Only the stretch below from the line holding "fundo bege claro" through the line holding "El proyecto consta" should be restated, word for word and with both ends included; pictures stay out.

● Stored data:
━━━━━━━━━━━━━━━━

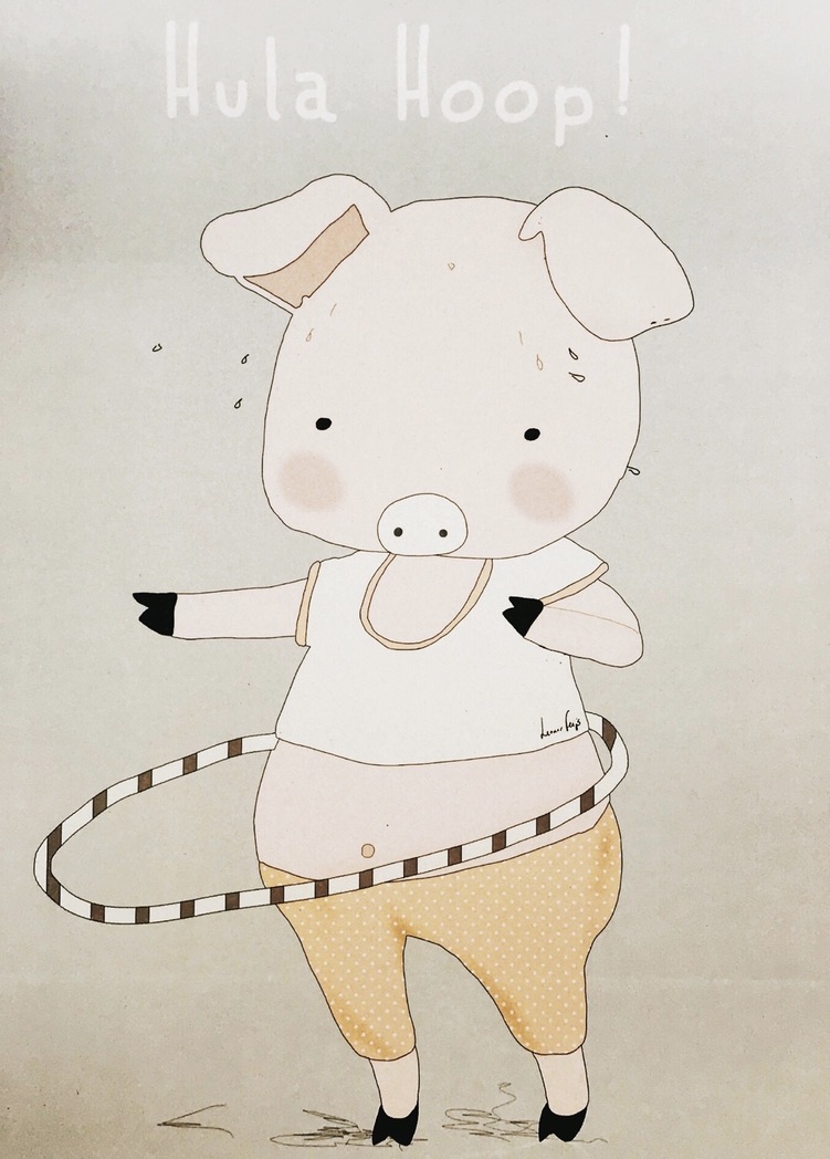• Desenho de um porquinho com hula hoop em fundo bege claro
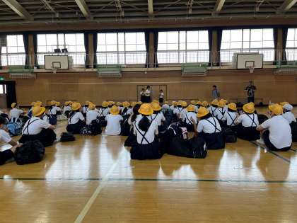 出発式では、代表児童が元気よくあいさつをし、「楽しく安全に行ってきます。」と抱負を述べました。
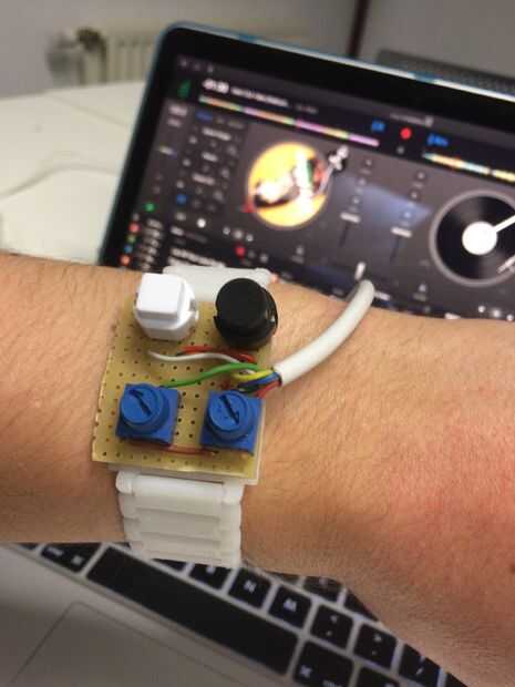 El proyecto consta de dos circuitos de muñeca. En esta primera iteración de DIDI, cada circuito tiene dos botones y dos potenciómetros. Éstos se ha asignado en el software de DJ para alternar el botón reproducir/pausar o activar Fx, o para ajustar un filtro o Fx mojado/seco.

━━━━━━━━━━━━━━━━

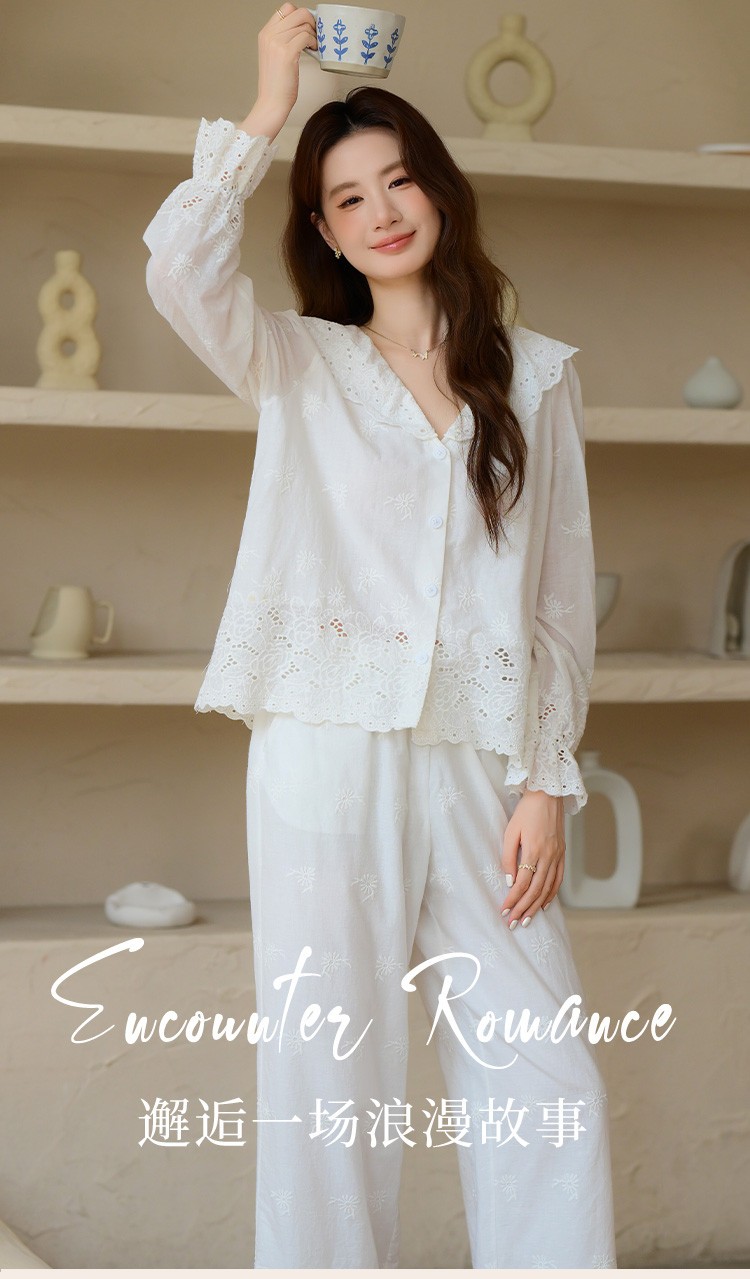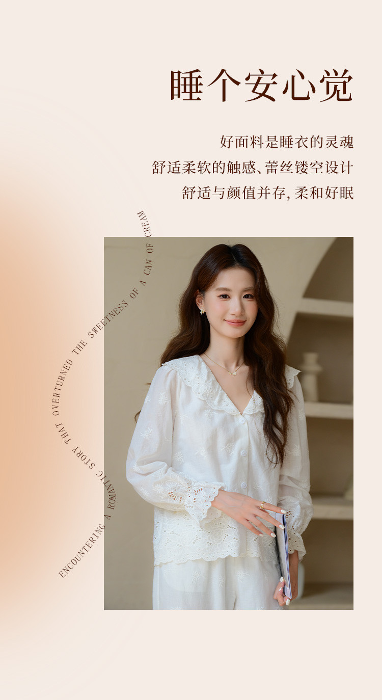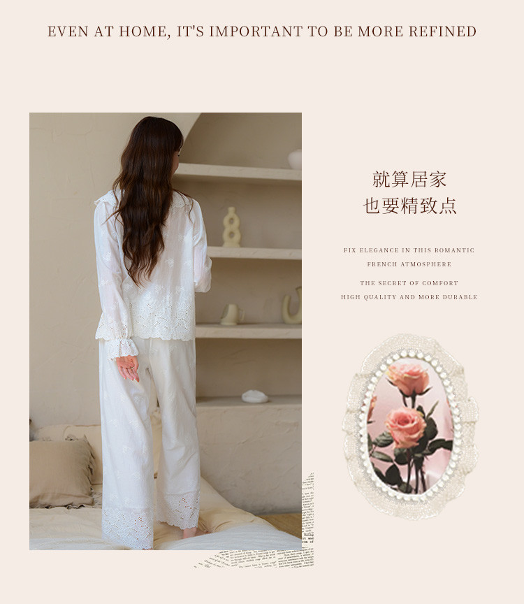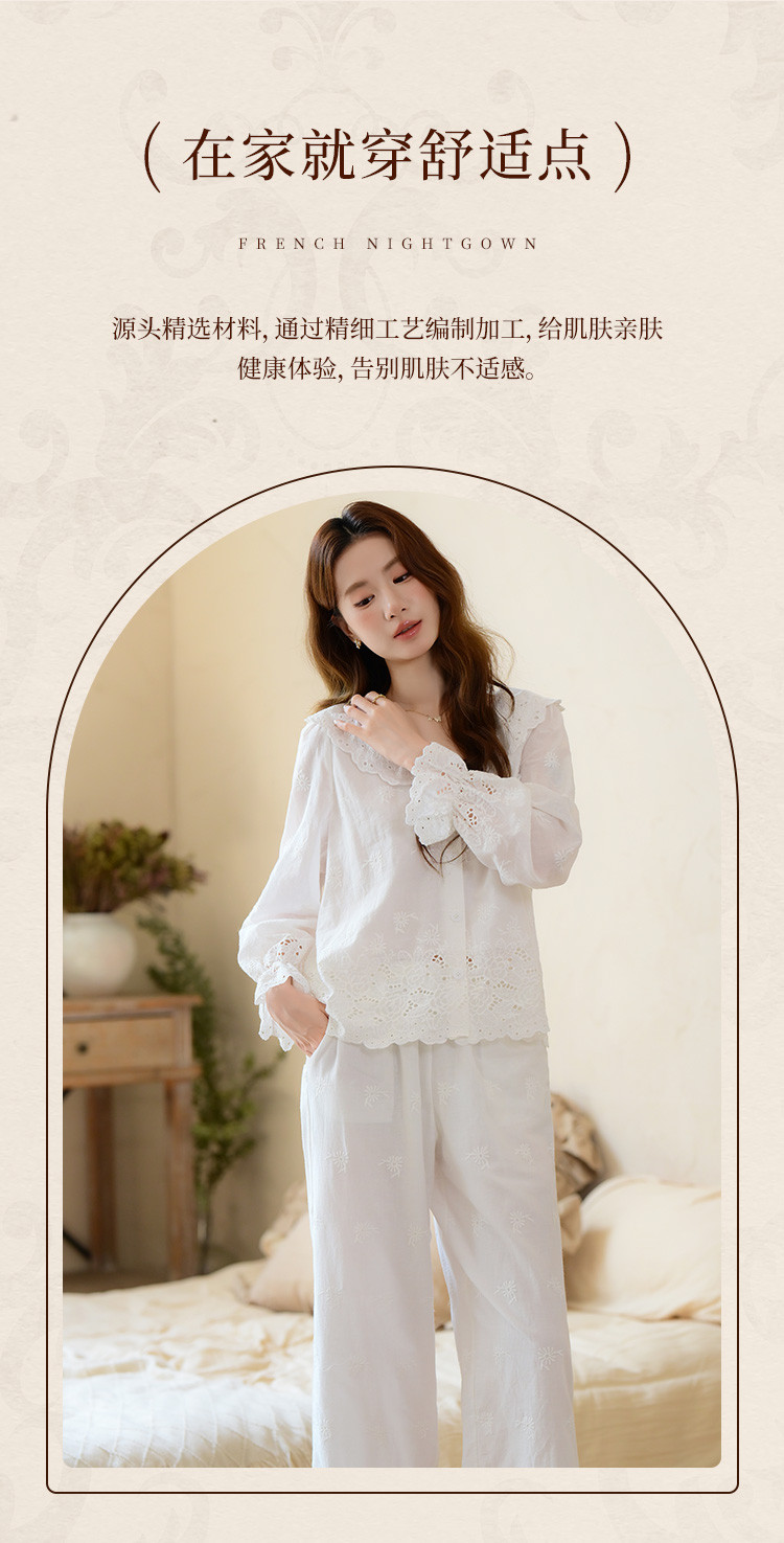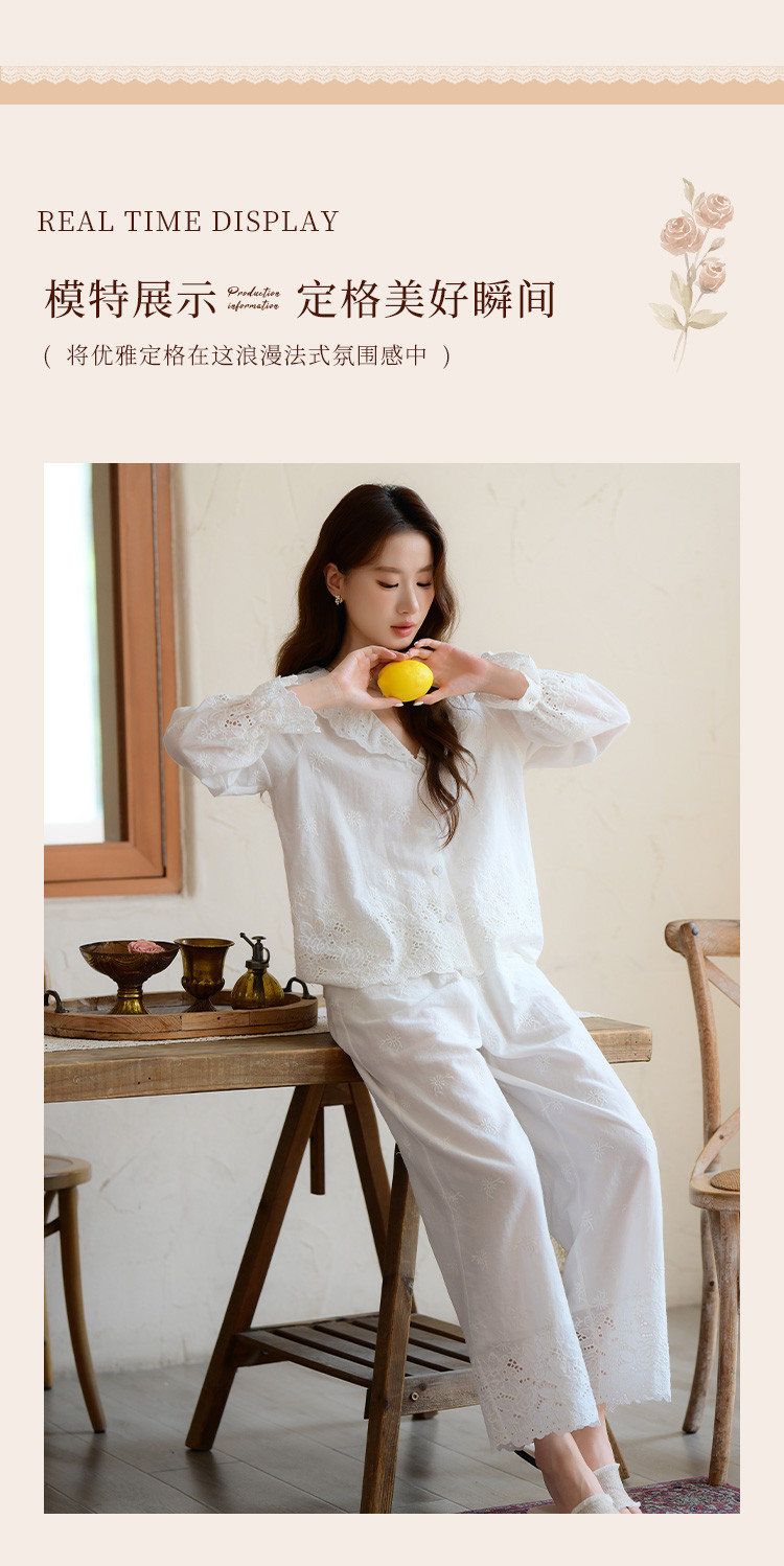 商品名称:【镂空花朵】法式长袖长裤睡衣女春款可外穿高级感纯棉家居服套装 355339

━━━━━━━━━━━━━━━━

● Written response:
• Desenho de um porquinho com hula hoop em fundo bege claro
 出発式では、代表児童が元気よくあいさつをし、「楽しく安全に行ってきます。」と抱負を述べました。
 El proyecto consta de dos circuitos de muñeca. En esta primera iteración de DIDI, cada circuito tiene dos botones y dos potenciómetros. Éstos se ha asignado en el software de DJ para alternar el botón reproducir/pausar o activar Fx, o para ajustar un filtro o Fx mojado/seco.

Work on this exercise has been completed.